Supplied information:
....

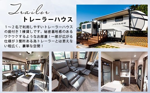 1~2名で利用しやすいトレーラーハウス付きの1棟貸しです。秘密基地感のあるワクワクするようなお部屋です。お部屋の一部が広がる仕様が3箇所あるため、トレーラーとは思えないほど広く、豪華な空間となっております。
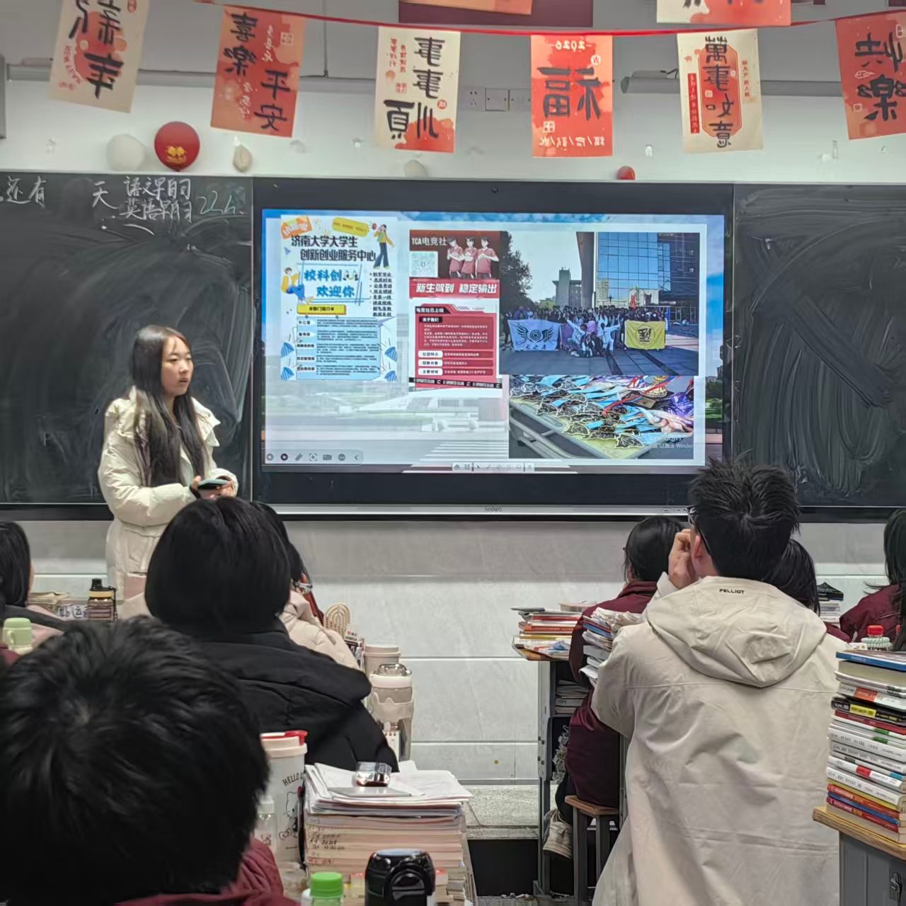 杜钰萱怀揣着对母校的深厚情谊,利用假期重返高中校园,开展了一场富有感染力的招生宣讲活动。她化身“校园形象大使”,通过多媒体展示与互动问答的有机结合,向学弟学妹们全方位解码williamhill中国的育人环境与文化底蕴。她不仅分享了自己在济大的求学感悟,更结合专业视角,描绘了丰富多彩的大学生活图景,点燃了学弟学妹们对未来的憧憬。此次回访,不仅是一次信息的传递,更是一次心灵的对话,她在讲述中愈发体会到身为文旅学子的自豪,更坚定了做好青春“引路人”的决心。
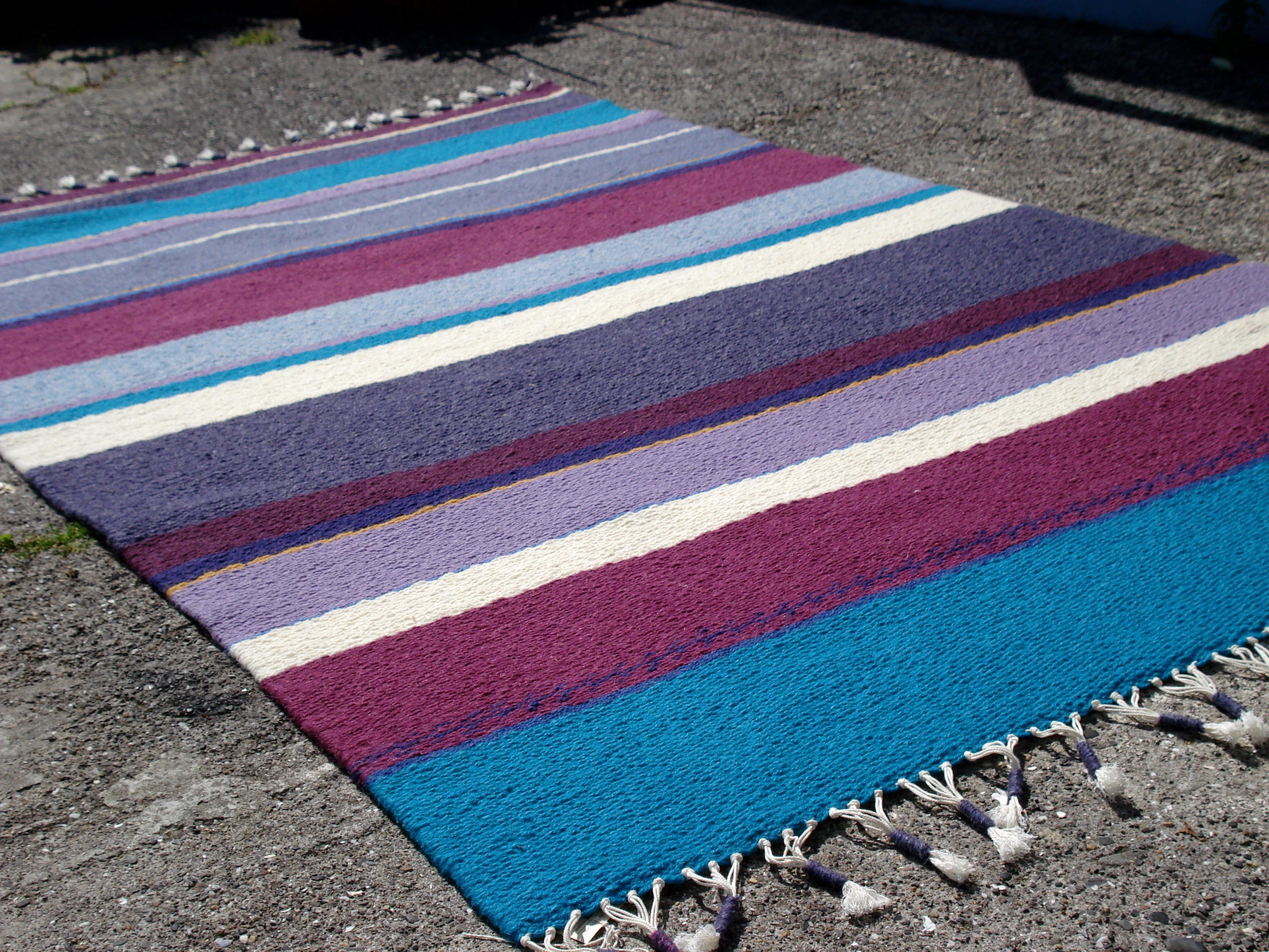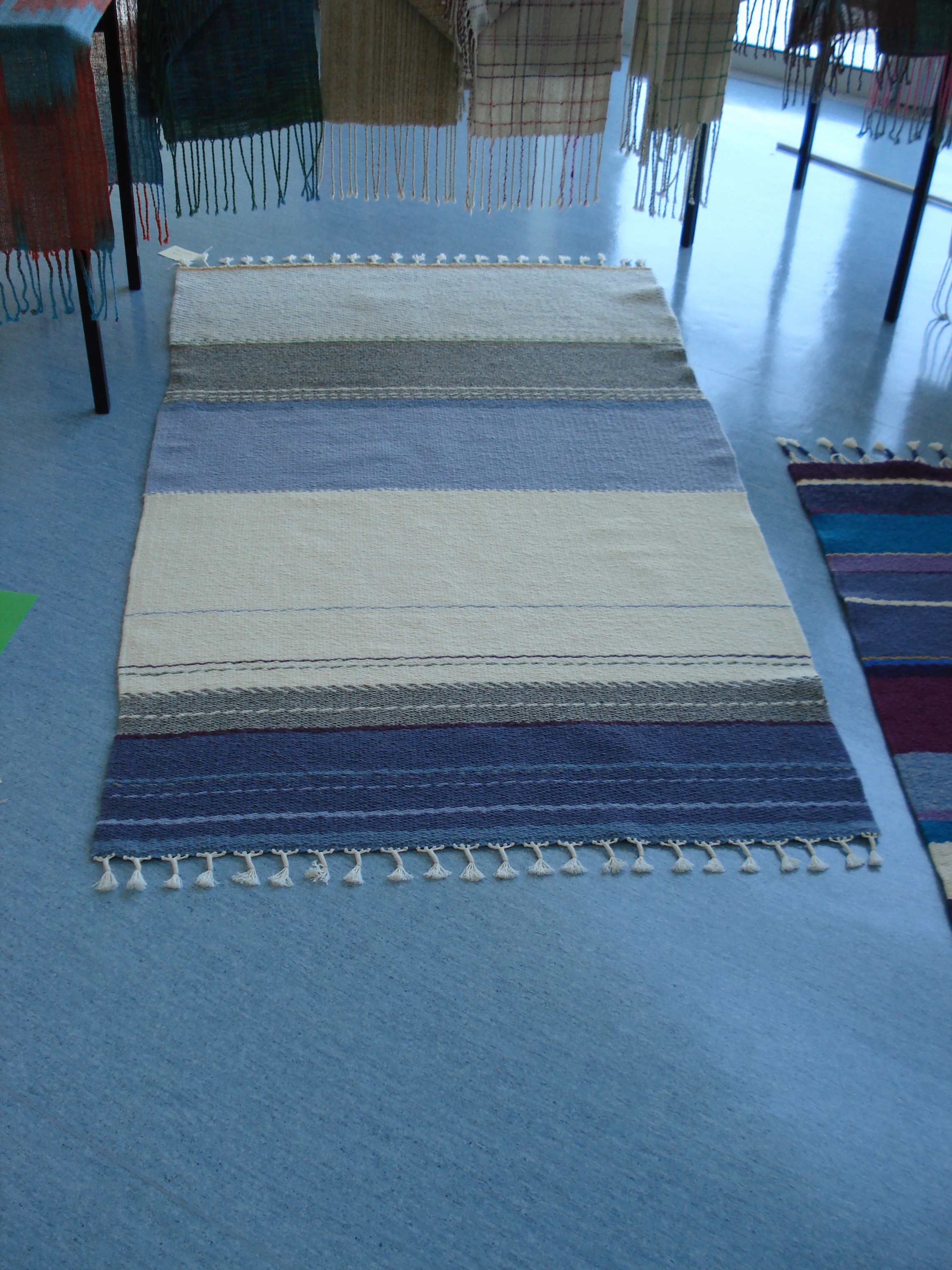 Each woven rug is unique in itself. If you want something similar, it will have significant change built into it. My floor and wall rugs incorporate both a variety of techniques and textures and an individual use of colour.

....

How to complete this task:
Skip all pictures. Then give again, exactly, each line from the line holding "杜钰萱怀揣着对母校的深厚情谊" through the last line of the listing above, both ends included.

Answer below:
 杜钰萱怀揣着对母校的深厚情谊,利用假期重返高中校园,开展了一场富有感染力的招生宣讲活动。她化身“校园形象大使”,通过多媒体展示与互动问答的有机结合,向学弟学妹们全方位解码williamhill中国的育人环境与文化底蕴。她不仅分享了自己在济大的求学感悟,更结合专业视角,描绘了丰富多彩的大学生活图景,点燃了学弟学妹们对未来的憧憬。此次回访,不仅是一次信息的传递,更是一次心灵的对话,她在讲述中愈发体会到身为文旅学子的自豪,更坚定了做好青春“引路人”的决心。
 Each woven rug is unique in itself. If you want something similar, it will have significant change built into it. My floor and wall rugs incorporate both a variety of techniques and textures and an individual use of colour.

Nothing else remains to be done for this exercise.